▶ _Work to be completed_
What is needed is an exact reproduction of the listing, without its pictures.

▶ _Recorded data_
================

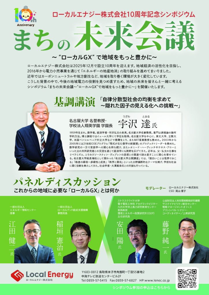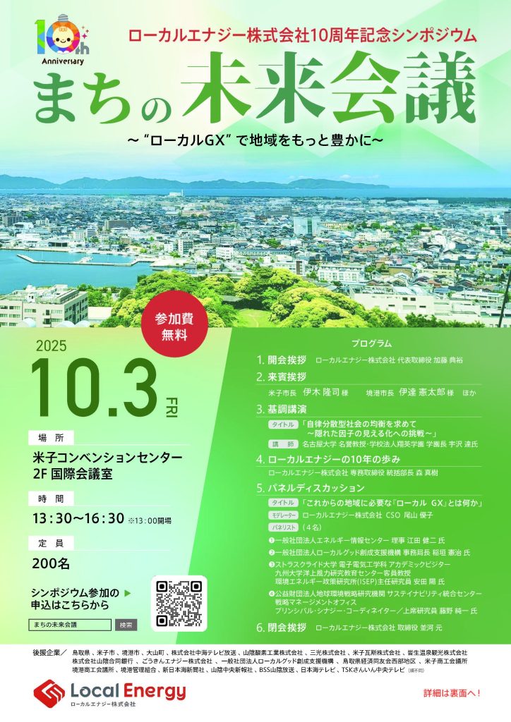 ローカルエナジー株式会社10周年記念シンポジウム 「まちの未来会議 ~“ローカルGX”で地域をもっと豊かに~」(10/3開催・鳥取)
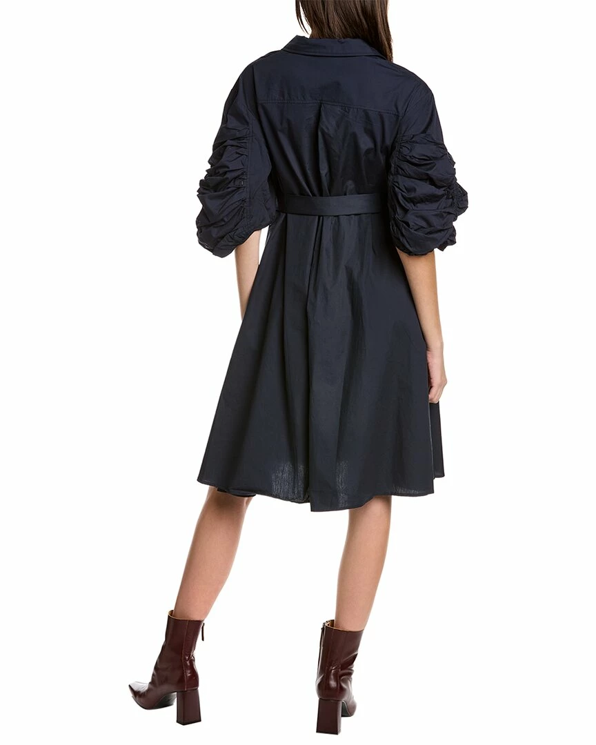 - Tie Waist Shirtdress In Navy With Ruched Sleeves And Side Seam Pockets
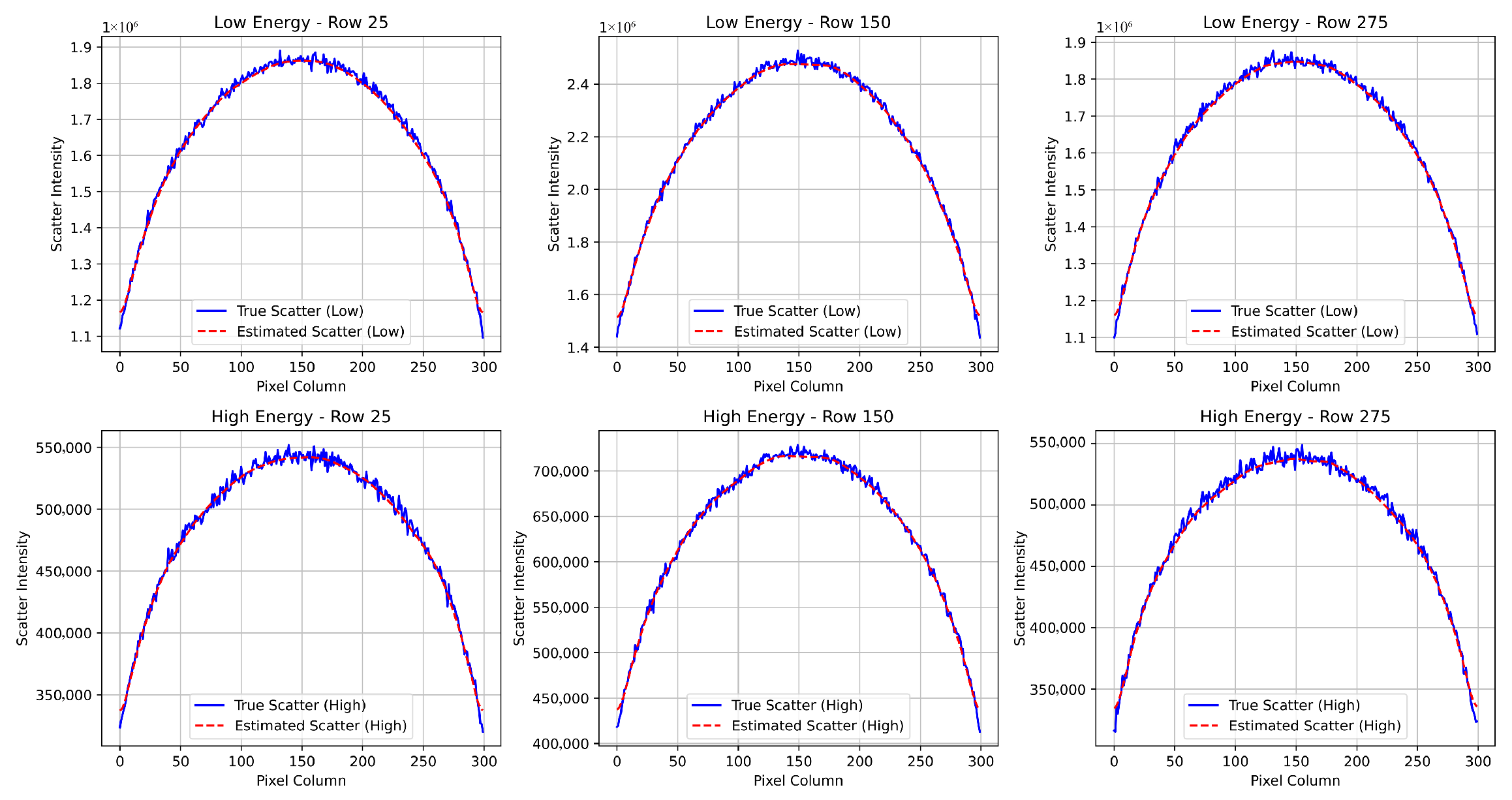 To further assess the accuracy of scatter estimation, we extracted 1D profiles at different rows in the low-energy (LE) and high-energy (HE) simulated scatter maps.
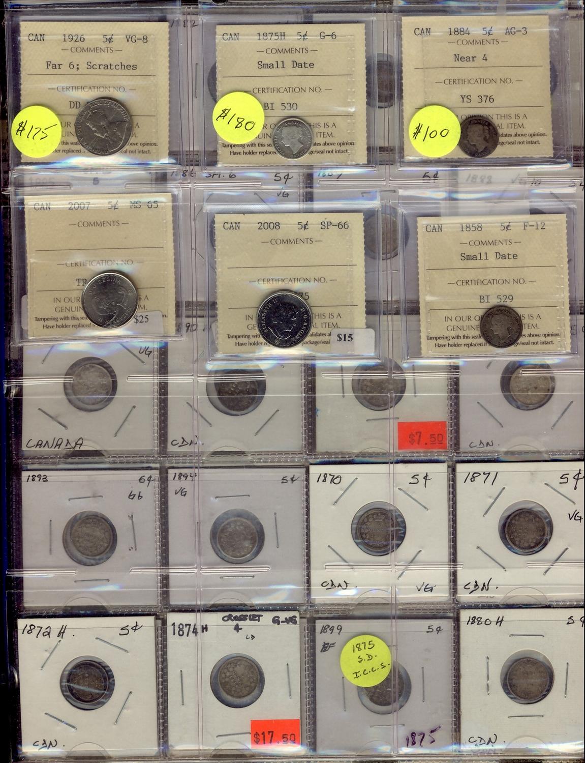 1858 Sml - 2010 5¢. Lot of 143 coins with no doubles, Includes key dates, 1875H Sm ICCS G6, 1884 I

================

▶ _Response area_
 ローカルエナジー株式会社10周年記念シンポジウム 「まちの未来会議 ~“ローカルGX”で地域をもっと豊かに~」(10/3開催・鳥取)
 - Tie Waist Shirtdress In Navy With Ruched Sleeves And Side Seam Pockets
 To further assess the accuracy of scatter estimation, we extracted 1D profiles at different rows in the low-energy (LE) and high-energy (HE) simulated scatter maps.
 1858 Sml - 2010 5¢. Lot of 143 coins with no doubles, Includes key dates, 1875H Sm ICCS G6, 1884 I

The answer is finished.